§ COLLECTED MATERIAL:
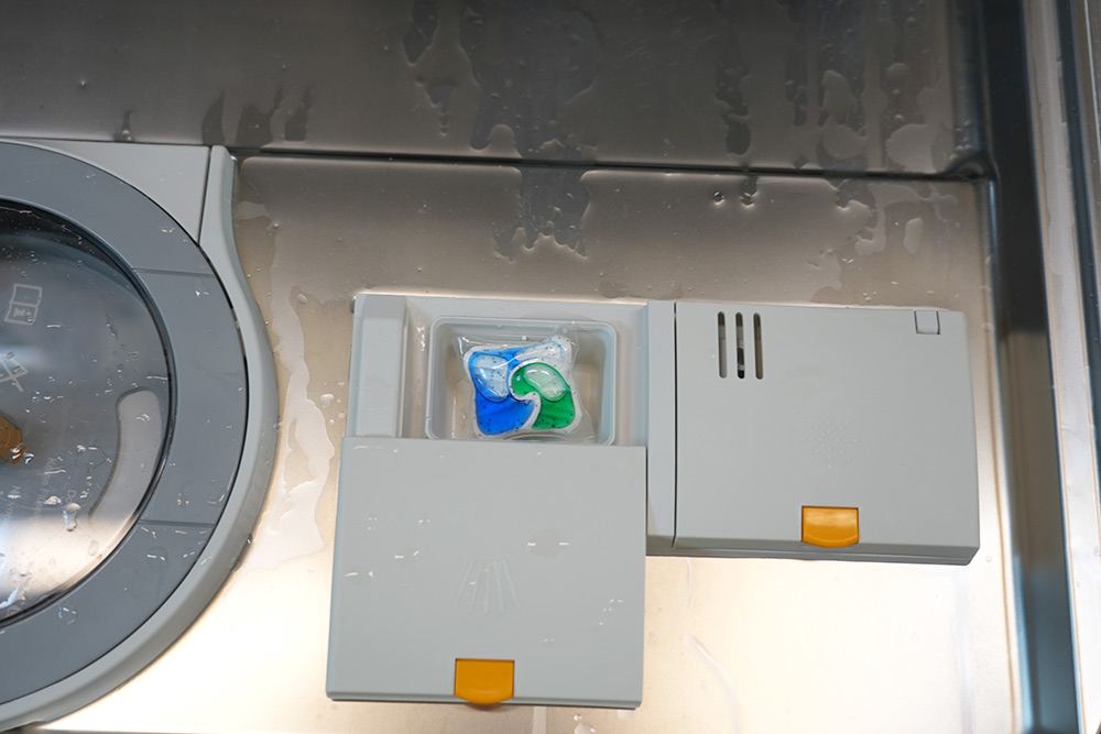 캐스케이드 컴플리트 세제를 투입합니다. 세제 투입함에 하나 넣고 닫으면 됩니다.
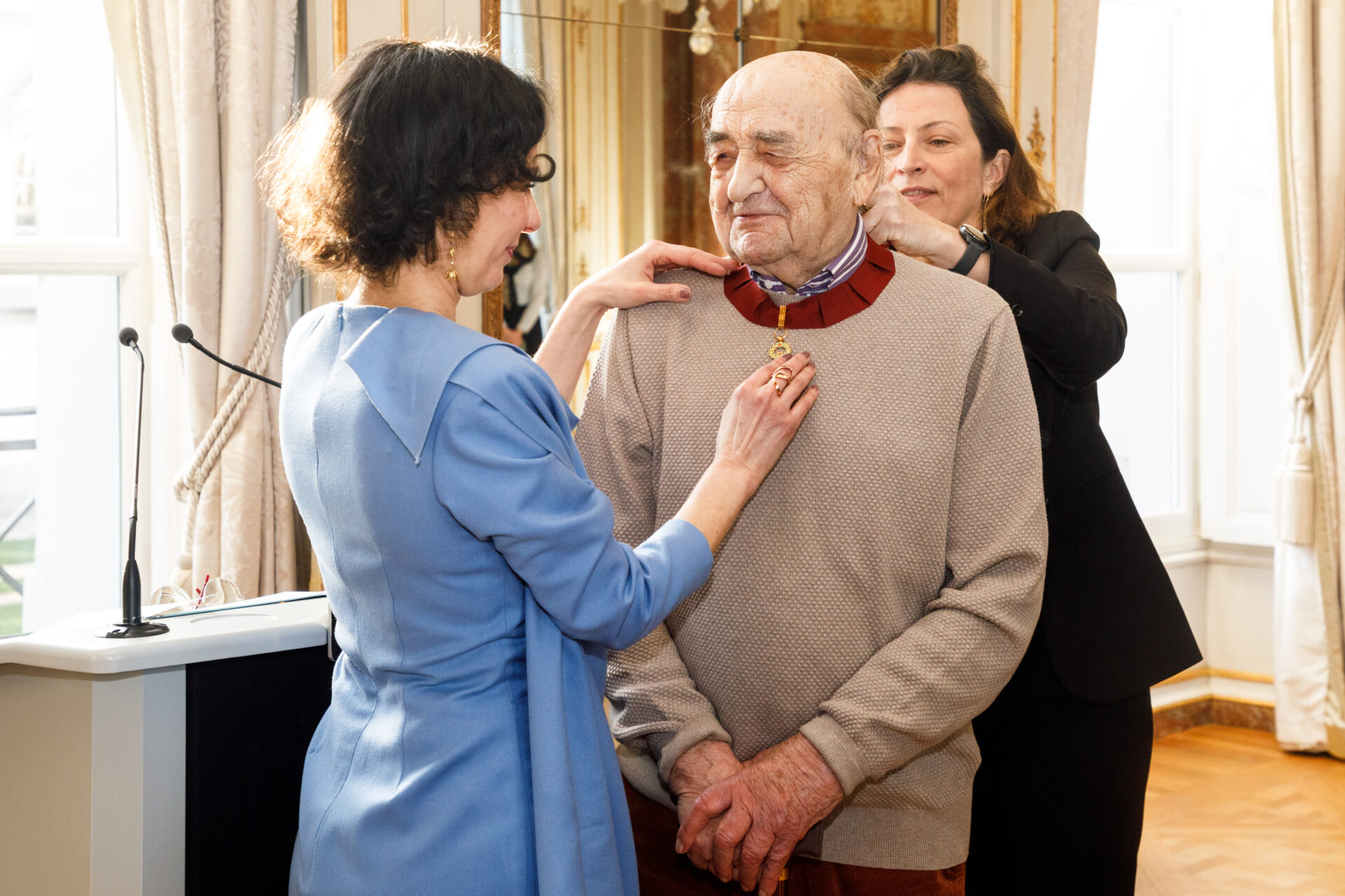 Foreign Minister Hadja Lahbib and Siegi Hirsch pictured during a ceremony to award the 'Commander in the Order of the Crown' medal to Siegi Hirsch, Holocaust survivor and European pioneer in systemic family therapy, Saturday 27 January 2024, in Brussels. Credit: Belga / Hatim Kaghat
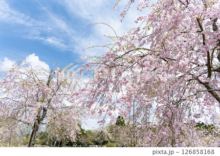 うららかな春日和の光芒に映える美しい桜の花「長湯温泉しだれ桜の里」大分県竹田市
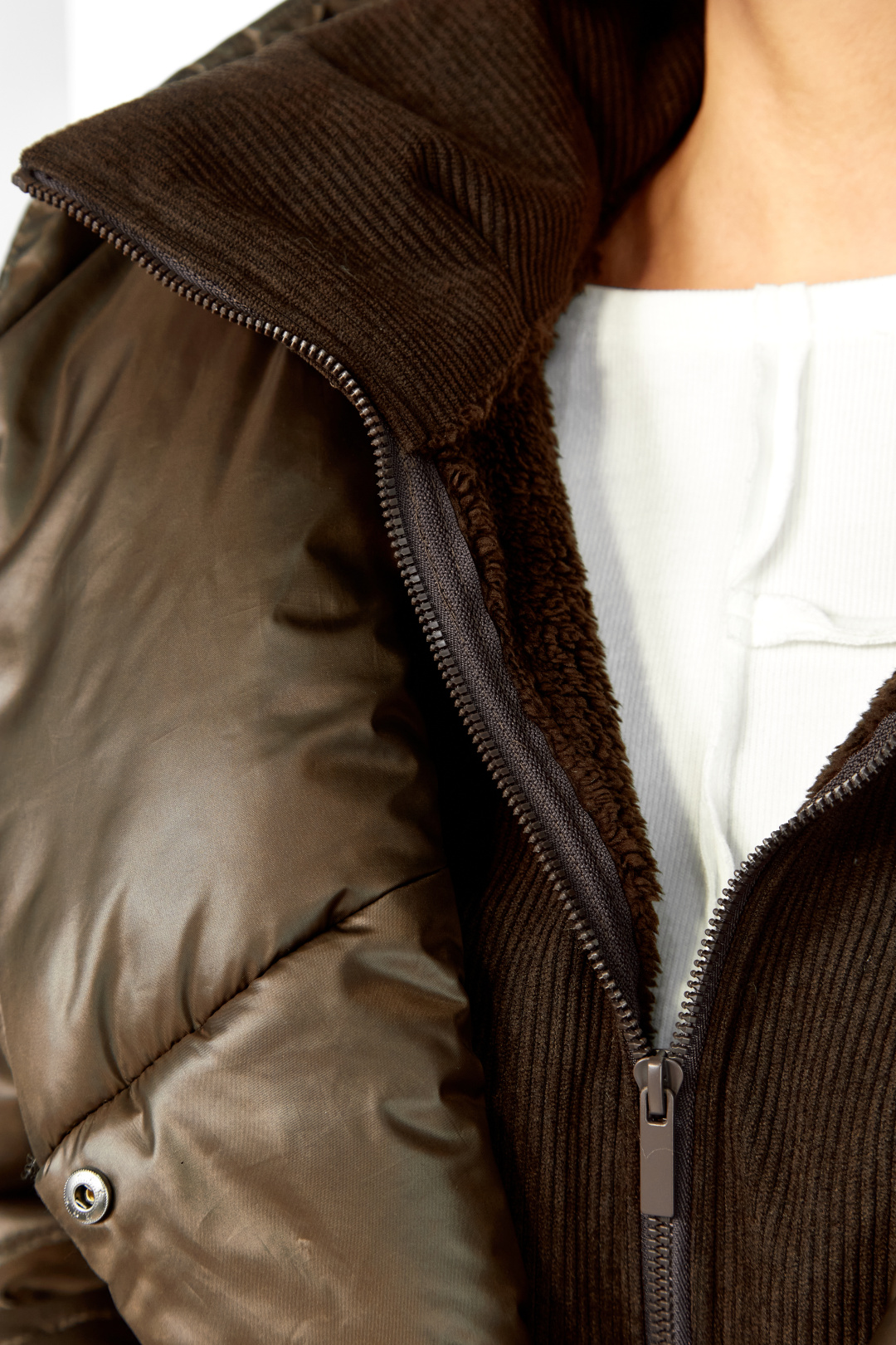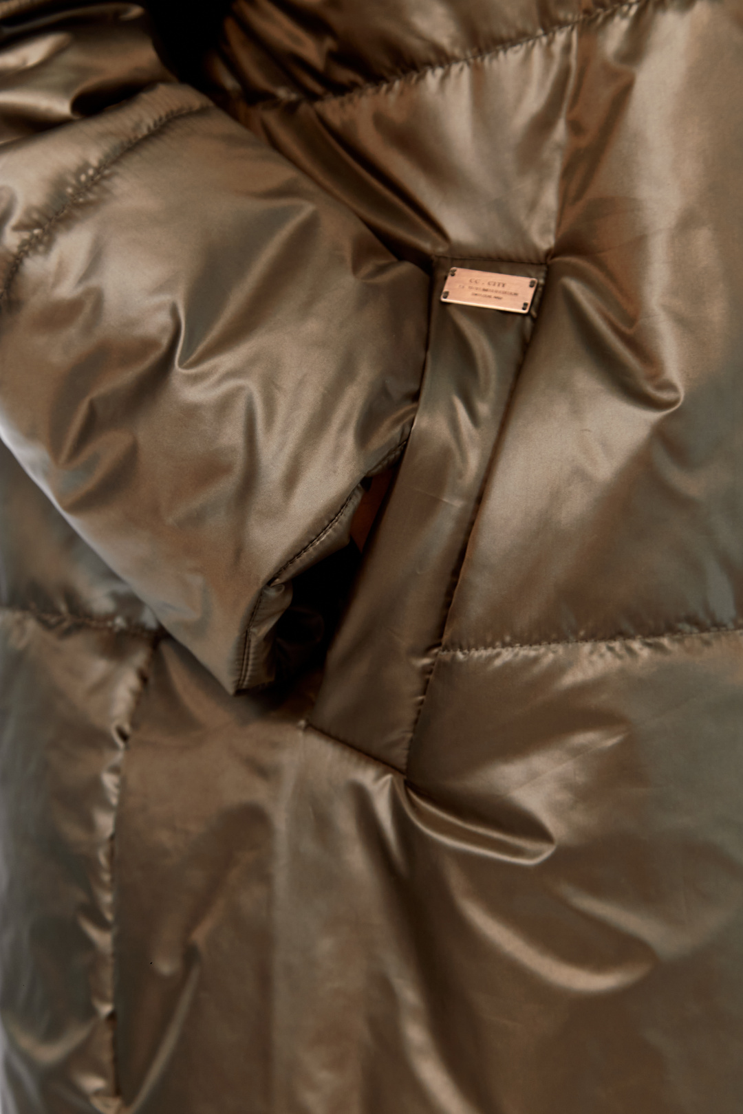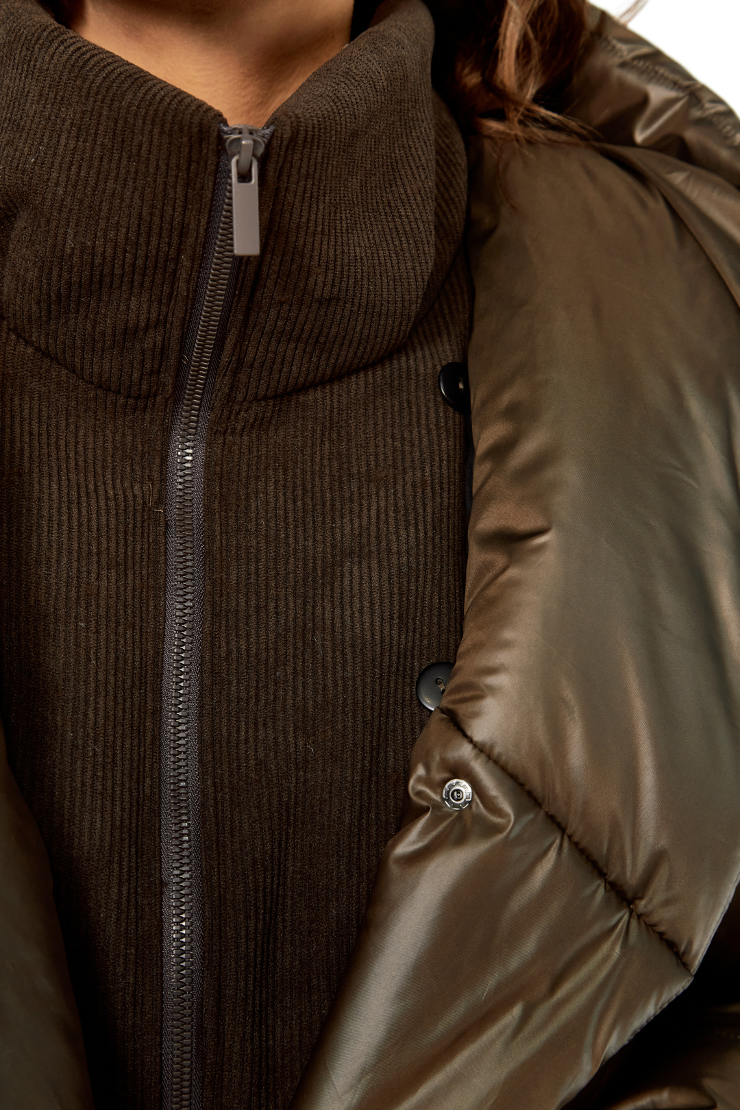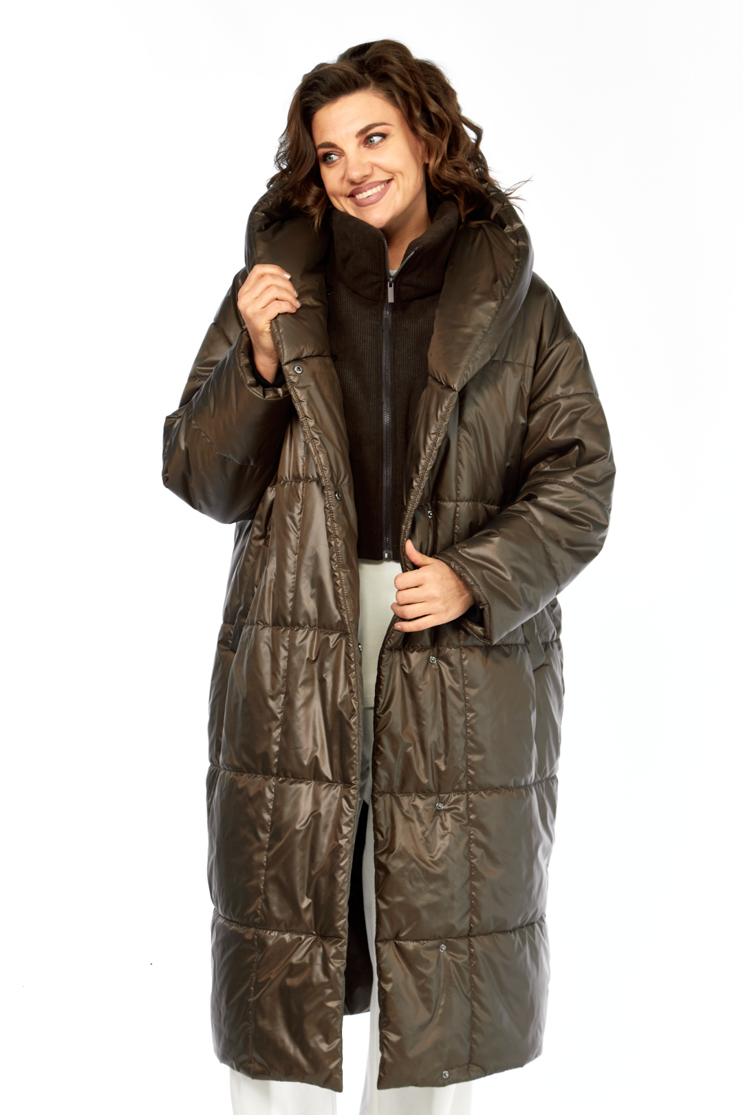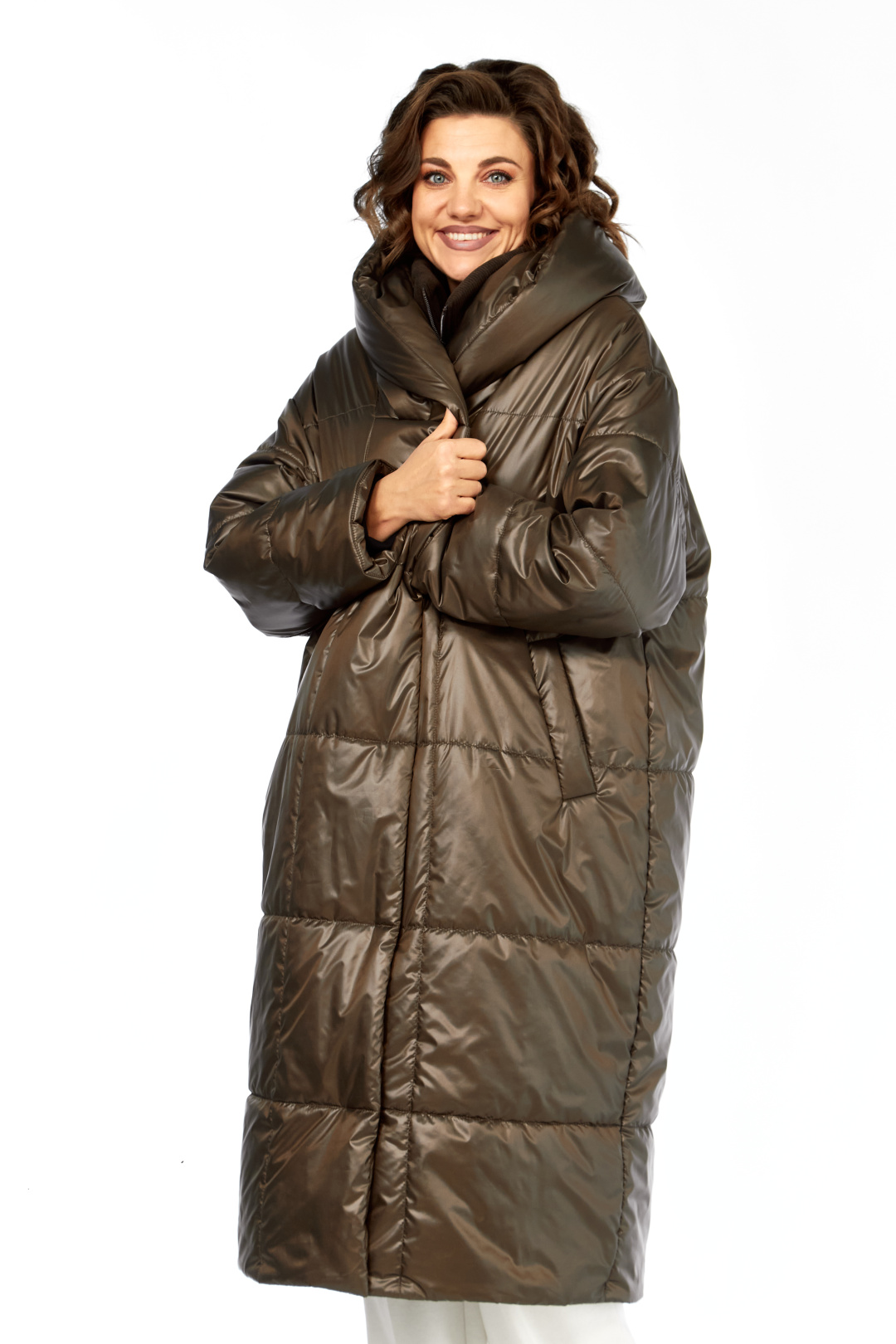 Пальто женскоеполуприлегающего силуэта со смещенной застежкой на кнопки. По переду прорезные карманы с листочкой. Рукав втачной одношовный с притачным манжетом по низу из отделочной ткани (довяз). Капюшон с объемный отделочной деталью по отлету, по горловине переда заложены складки. В качестве отделки используется манишка съемная с застежкой на тесьму-молнию (из отделочной ткани) фиксируется с помощью пуговиц и навесных петель-резинок на изделии. Используется утеплитель синтепон 200. Подходит под температурный режим до -10 градусов. Длина по спинке 116 см, длина рукава 54 см.

§ ABOUT THIS EXERCISE: Please, without any of the pictures, set down exactly the lines from the beginning of the listing to the line that contains "うららかな春日和の光芒に映える美しい桜の花「長湯温泉しだれ桜の里」大分県竹田市", inclusive.

§ EXERCISE SOLUTION:
 캐스케이드 컴플리트 세제를 투입합니다. 세제 투입함에 하나 넣고 닫으면 됩니다.
 Foreign Minister Hadja Lahbib and Siegi Hirsch pictured during a ceremony to award the 'Commander in the Order of the Crown' medal to Siegi Hirsch, Holocaust survivor and European pioneer in systemic family therapy, Saturday 27 January 2024, in Brussels. Credit: Belga / Hatim Kaghat
 うららかな春日和の光芒に映える美しい桜の花「長湯温泉しだれ桜の里」大分県竹田市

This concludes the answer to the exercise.